Practical Implications and Applications
This research offers a promising direction for addressing the data scarcity challenge in LM pretraining.
- Enhanced Data Efficiency: By extracting more learning signal from existing data through inferred thoughts, this method can significantly reduce the amount of raw text needed to achieve a target performance level, especially in knowledge-intensive domains like mathematics, science, or coding, where reasoning is paramount.
- Scaling Pretraining: It introduces inference compute as a new axis for scaling LM capabilities, complementing traditional model and data scaling. When data is the bottleneck, investing compute in the E-step inference offers a way to continue improving model performance.
- Domain Specialization: The bootstrapping approach is particularly valuable for specialized domains where large, high-quality teacher models might not be available or suitable. It allows models to improve using only the domain-specific raw text.
- Interpretability and Reasoning: While not the primary focus, the generated thoughts could potentially offer insights into the model's reasoning process, although the faithfulness of these inferred thoughts requires further investigation.
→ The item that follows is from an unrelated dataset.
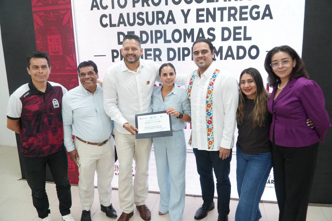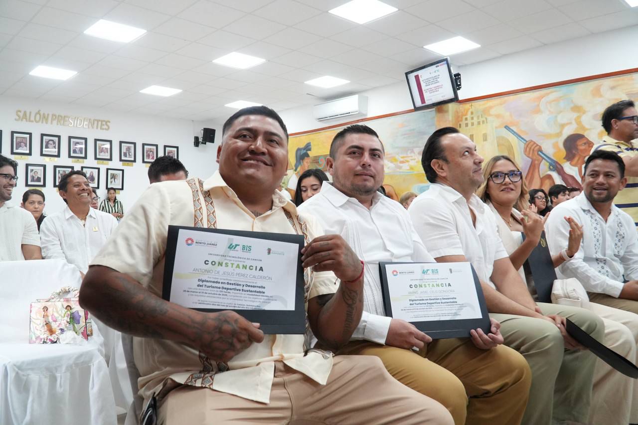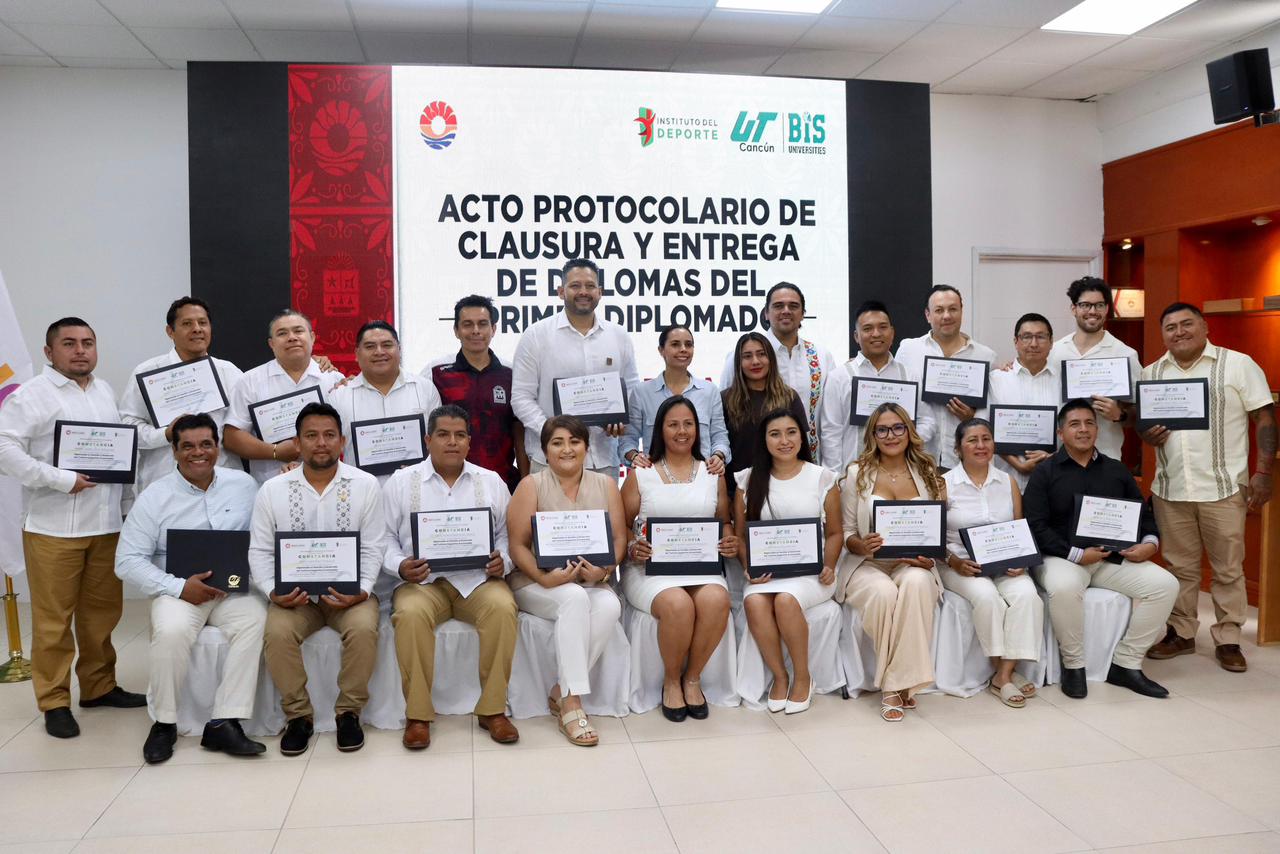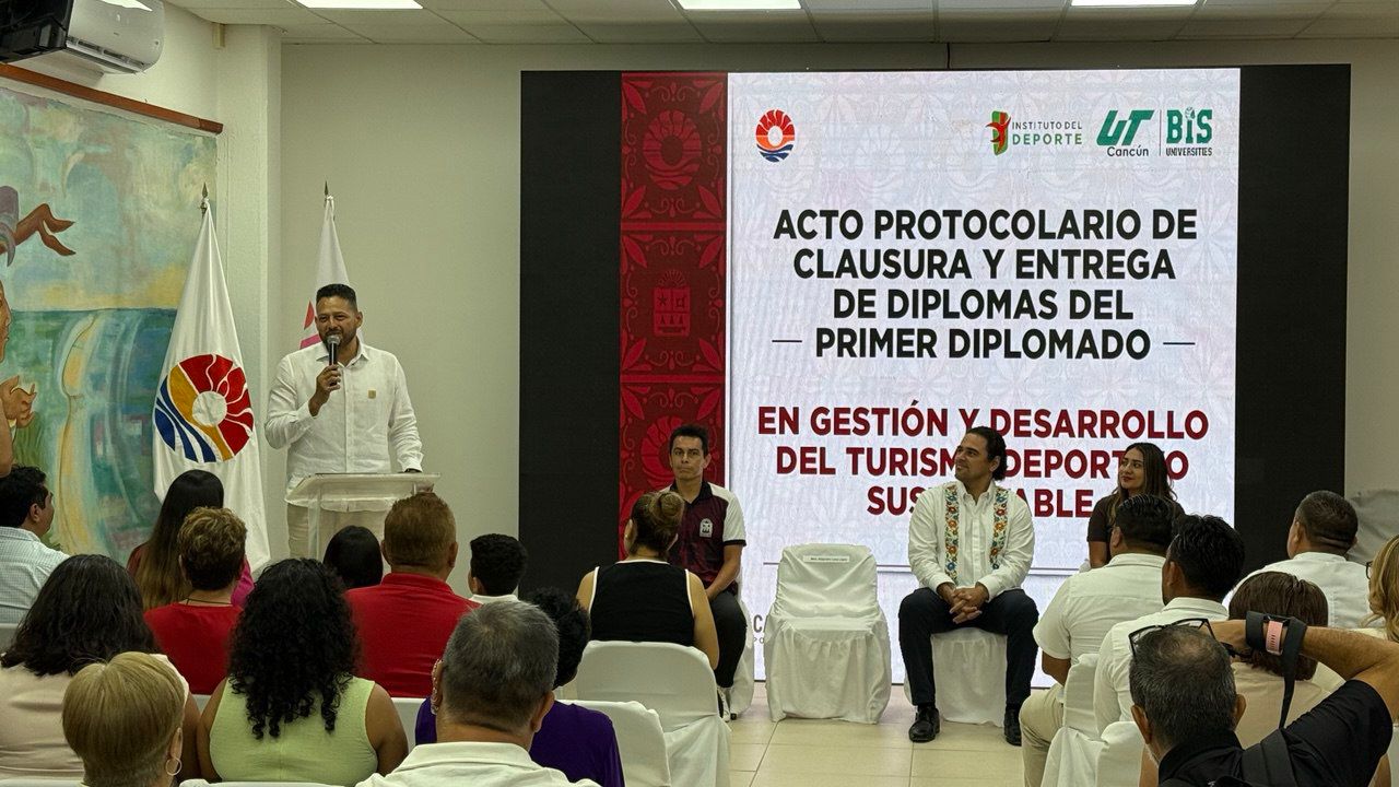 Cancún, Q. Roo a 24 de octubre.- Con el compromiso de seguir profesionalizando el deporte como motor de desarrollo económico y social, se llevó a cabo el acto protocolario de clausura y entrega de diplomas del 1er Diplomado en Gestión y Desarrollo de Turismo Deportivo Sustentable, impartido por la Universidad Tecnológica de Cancún (UT Cancún BIS), en colaboración con el Instituto Municipal del Deporte.

The trade-off between using a strong teacher (simpler setup, potentially higher initial quality thoughts, but requires a capable teacher) and bootstrapping (no teacher dependency, potential for continuous self-improvement, but more complex iterative process and sensitive to initial model quality) depends on the specific application constraints and available resources.
Conclusion
The work on learning from latent thoughts presents a compelling approach to improve data efficiency in LM pretraining by explicitly modeling the reasoning process underlying text generation. The empirical results, particularly the significant gains on the MATH dataset using both teacher-based synthesis and EM-based bootstrapping, validate the core hypothesis. The demonstration that performance can be scaled by increasing inference compute during the E-step opens up new avenues for scaling LMs in data-constrained environments, suggesting that inferential reasoning can partially substitute for raw data quantity. This methodology holds considerable potential for training more capable models, especially in specialized domains requiring complex reasoning, even when faced with limited high-quality training data.